Single by Death Cult
- B-side: "Gods Zoo (These Times)"
- Released: 23 October 1983
- Genre: Post-punk; gothic rock;
- Length: 3:26
- Label: Situation Two (SIT 29)
- Songwriter: Death Cult
- Producer: Jeremy Green

Death Cult singles chronology
|  | "Gods Zoo" (1983) | "Spiritwalker" (1984) |

= Gods Zoo =

"Gods Zoo" is the first single by the English post-punk/gothic rock band Death Cult (who later shortened their name to the Cult), released on 23 October 1983 by Situation Two. The song is often, erroneously, spelled "God's Zoo" (with an apostrophe in the word "Gods", indicating possessive case).

==Picture sleeve==
No credit is given to the design of the picture sleeve for the single. The front features the group's name centered between four stereoscopic printed television sets. Within each television is an image. Clockwise from top left the images are as follows: (1) the group's Mickey Mouse "skull" logo; (2) a nude female drawing (artist unknown, but the image is often credited to singer Ian Astbury, even though this has never been confirmed); (3) a portion of a Tim Page photograph of ARVN soldiers interrogating a Viet Cong suspect (the group's first release, the eponymous Death Cult EP, also featured a Tim Page Vietnam photograph on its picture sleeve, and both Astbury and guitarist Billy Duffy have expressed an interest in the history of the Vietnam War, which was also apparently a trend in the United Kingdom at the time); (4) a portion of a photograph of Jimi Hendrix (one of the group's influences).

==B-side==
The single is labeled A SIDE, and AA SIDE (for the B-side), which is an extended and remixed version of the title track titled "Gods Zoo (These Times)".

==History==
"Gods Zoo" was released while the group was still recording and performing as Death Cult (they would not change their name to the Cult until 13 January 1984) and was intended to be the lead single for Death Cult's first album (tentatively titled A Flower in the Desert). A joint 4AD and Beggars Banquet 7" promotional EP, titled A Sampling Above the Rest (catalogue number VTO 1), featured "Gods Zoo (These Times)" as a promotional track with the following description: "taken from the forthcoming Death Cult cassette and album".
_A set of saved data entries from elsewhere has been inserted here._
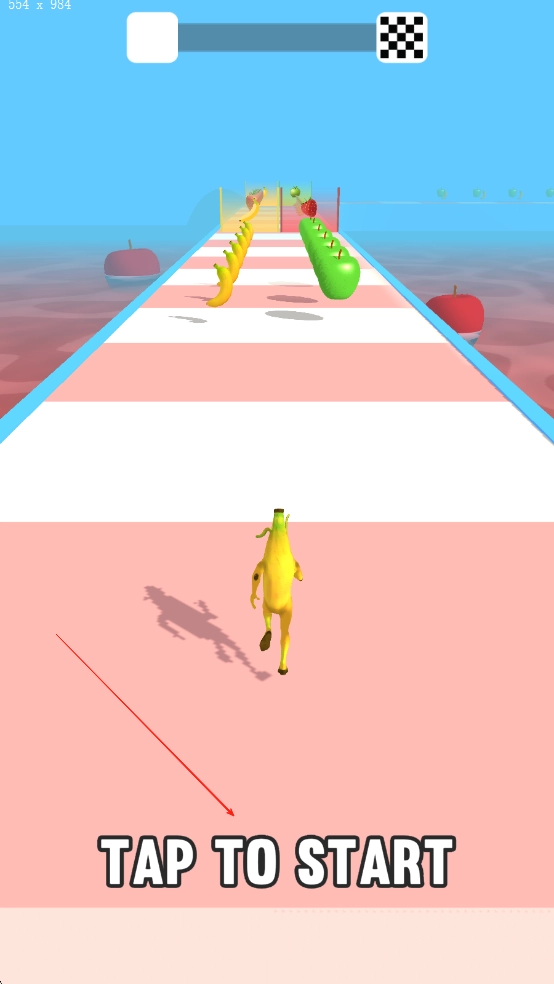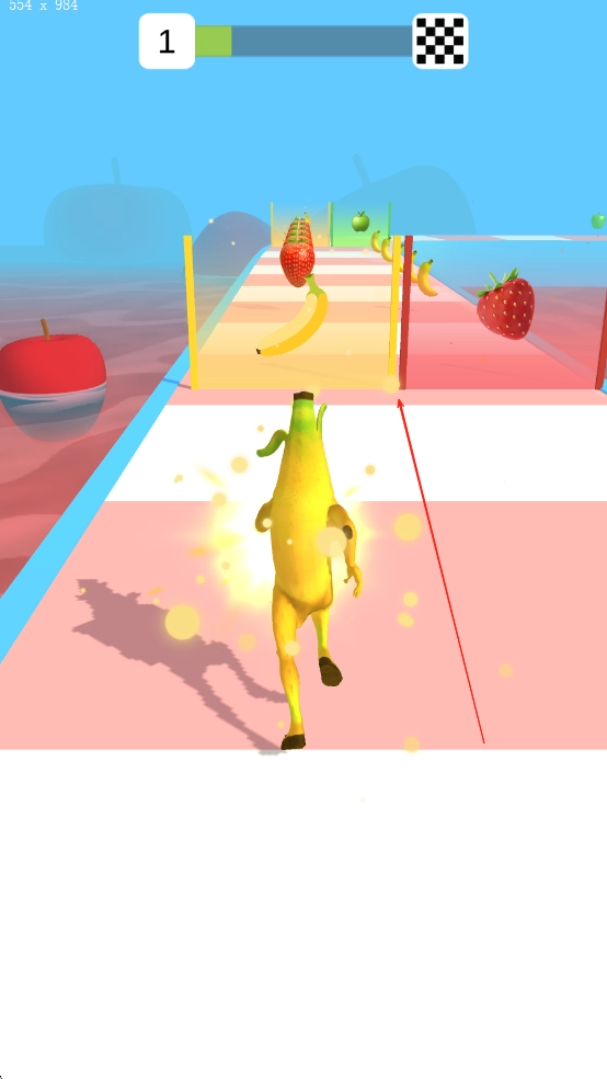 在跑道上拾取四处散落的苹果、香蕉之类的水果,每集齐10个水果,巨人体型就会提升1级,同时解锁“水果弹幕”技能,点击屏幕就能发射水果攻击前方的障碍物。
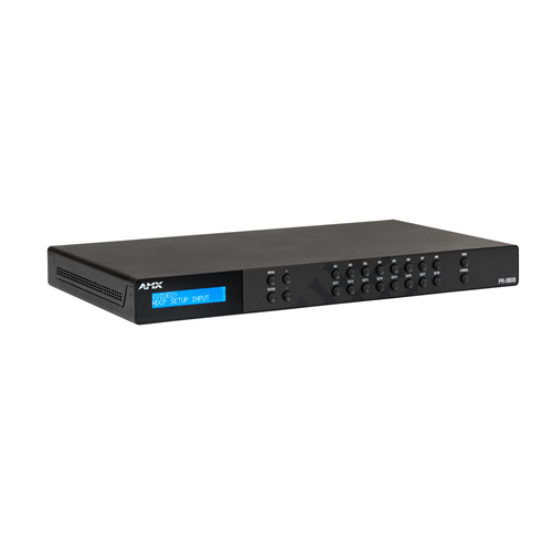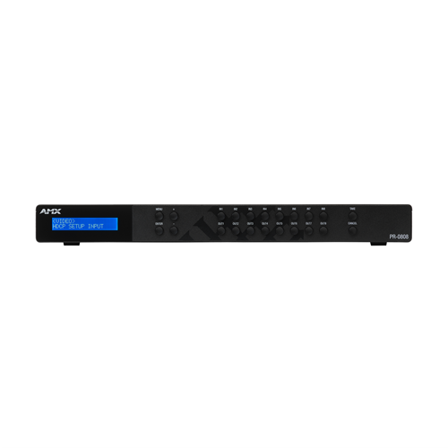 The PR-0808 supports high quality HDMI 2.0, HDCP 2.2, HDR10+, 36-bit per pixel Deep Color, and Dolby Vision. Dynamic audio de-embedding and multiple open control options offer maximum configuration flexibility. Combining a robust matrix switcher and a highly affordable price point, backed by over 30 years of industry-leading matrix switching experience, the AMX Precis PR-0808 can be trusted to deliver an exceptional switching solution.
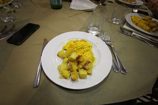 The main dish was the worst. The vegetarian variant consisted solely of potatoes and a fried egg, again looking very dull. The standard dish had chicken instead of a fried egg. Others told me that the chicken was too dry. The taste was okay, but being able to actually swallow your food is pretty essential. I first ate a bit of egg and as you can see in one of the pictures I added, it had way too much olive oil added to it. I'm pretty sure America would've started a war over it. After that, I tried a potato. Definitely not good. When you haven't even finished the first bite but already know you're not going to finish the plate, that's bad. Very undone on the inside and the outside was soaked in the olive oil - I made a quick run for the toilet because of the nasty taste the combination of oil and dryness left. I was done with the main course after that.
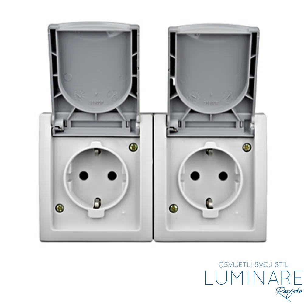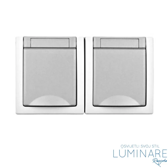 Dvostruka horizontalna utičnica sa poklopcem u sivoj boji je praktično rješenje za spajanje električnih uređaja na otvorenom prostoru.
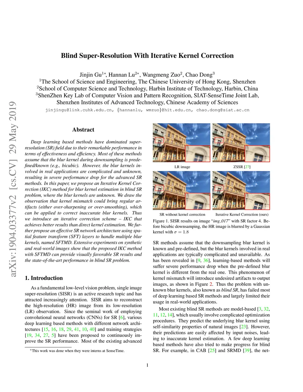 Deep learning based methods have dominated super-resolution (SR) field due to their remarkable performance in terms of effectiveness and efficiency. Most of these methods assume that the blur kernel during downsampling is predefined/known (e.g., bicubic). However, the blur kernels involved in real applications are complicated and unknown, resulting in severe performance drop for the advanced SR methods. In this paper, we propose an Iterative Kernel Correction (IKC) method for blur kernel estimation in blind SR problem, where the blur kernels are unknown. We draw the observation that kernel mismatch could bring regular artifacts (either over-sharpening or over-smoothing), which can be applied to correct inaccurate blur kernels. Thus we introduce an iterative correction scheme -- IKC that achieves better results than direct kernel estimation. We further propose an effective SR network architecture using spatial feature transform (SFT) layers to handle multiple blur kernels, named SFTMD. Extensive experiments on synthetic and real-world images show that the proposed IKC method with SFTMD can provide visually favorable SR results and the state-of-the-art performance in blind SR problem.

A full-length Death Cult album never materialized. The group's developed material was eventually incorporated into what would become the Dreamtime album, which was released nearly a year later and under the group's new name. Conspicuously missing from the finalized album was "Gods Zoo", making it a stand-alone single.

==Chart positions==

| Chart | Peak position |
|---|---|
| UK Indie Chart | 4 |

== Track listings ==
Release information pertains to the United Kingdom release only.

7": Situation Two SIT 29
1. "Gods Zoo" – 3:26
2. "Gods Zoo (These Times)" – 5:09

12": Situation Two SIT 29T
1. "Gods Zoo" – 3:26
2. "Gods Zoo (These Times)" – 5:09

==Australian release==
"Gods Zoo", as a single, was released only in the UK and Australia. The Australian version was only issued in the 7" format and was distributed by the Powderworks Records label (catalogue number POW 0179). It was released in 1983, but the specific day and month of the release is unknown. The track listing was the same as the UK single.

==Personnel==
- Ian Astbury - vocals
- Billy Duffy - guitars
- Jamie Stewart - bass guitar
- Nigel Preston - drums

Also credited:
- Jeremy Green - producer and engineer

"Gods Zoo" marked the debut of Death Cult's new drummer, Nigel Preston. Preston replaced the group's previous drummer, Ray Mondo, just prior to entering the studio to record the single.

Preston had previously worked with Duffy in Theatre of Hate. After his departure from Theatre of Hate, Preston joined Sex Gang Children in September 1982. When Preston was recruited to join Death Cult in September 1983, he essentially "swapped" with Ray Mondo. Ray Mondo played his last gig with Death Cult on 19 September 1983 at the Brixton Ace in London. Shortly afterwards, he filled the vacant drummer position with Sex Gang Children.

==Death Cult EP==
Both tracks from the "Gods Zoo" single were collected, along with the contents of the earlier eponymous EP, on a single compact disc in 1988, simply titled Death Cult. The same material was remastered and reissued (along with some radio session material) in 1996 as Ghost Dance.

==A Historical Debt==
In 1991, the Cult donated the track "Gods Zoo", royalty free, for the compilation album A Historical Debt. released by Beechwood Music Limited. The album's intent was to help independent groups and labels caught in the wake of the Rough Trade Distribution collapse.